According to the Article 29 Working Party, the EU’s advisory body on data protection, this clearly includes all forms of tracking and profiling on the internet, including for the purposes of behavioural advertising.
“The GDPR will also apply to companies that monitor users’ behaviour, as far as their behaviour takes place within the EU.”
It’s also worth mentioning that article does not use the terms ‘EU nationals’, ‘EU citizens’ or ‘EU residents’. Their applicability is therefore not connected to a person’s nationality or residence, but rather to the location of a person in the EU. Strictly speaking, the GDPR therefore also applies to the data of an American tourist on holiday in Italy, collected while he was on Italian soil. But in practical terms, this will be extremely hard to track by any national data protection authority.
The implications of the GDPR will be consequential, even huge for some companies, so it’s important to have the correct information.
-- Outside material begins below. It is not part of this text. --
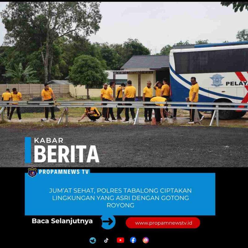 Tabalong, // PropamNewstv.id – Usai apel pagi, Polres Tabalong melaksanakan kegiatan gotong royong dalam rangka mewujudkan lingkungan yang bersih dan nyaman di lingkungan Polres Tabalong, Pembataan, Kelurahan Pembataan, Kecamatan Murung Pudak, Kabupaten Tabalong, Jum’at (06/02/2026) pagi.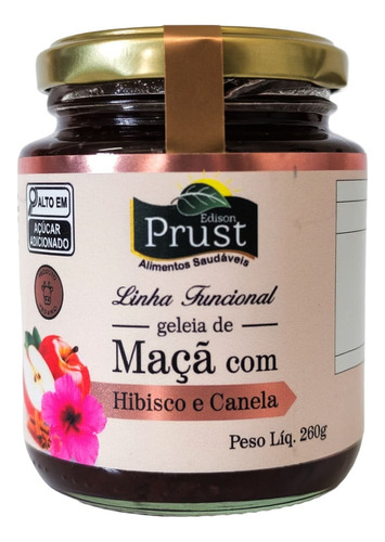 A Geleia de Maçã com Hibisco e Canela 260 g da Prust Alimentos é uma geleia funcional elaborada com maçãs selecionadas, hibisco e canela, apresentando sabor frutado, toque floral e leve especiaria aromática.

The Article 29 Working Party admitted in a press release of February 2018 that it is “continuing its work on the development of a position on the application of Article 3 of the GDPR, relating to its territorial scope.” This means we may not have all of the pieces of the puzzle just yet. Nonetheless, non-EU companies should definitely start by asking themselves the following questions:
→ Does your company process personal data?
If not, congratulations, you’re outside of the scope of the GDPR! If the answer to this question is yes, then you should look at the following questions:
→ Is your company located in the EU or does your company have an establishment in the EU?
→ Does your company offer goods or services to users in the EU?
→ Does your company monitor the behaviour of users in the EU?
If the answer to at least one of these questions is yes, your company’s processing activities will most likely fall within the scope of the GDPR and you may want to reassess your company’s data protection policy.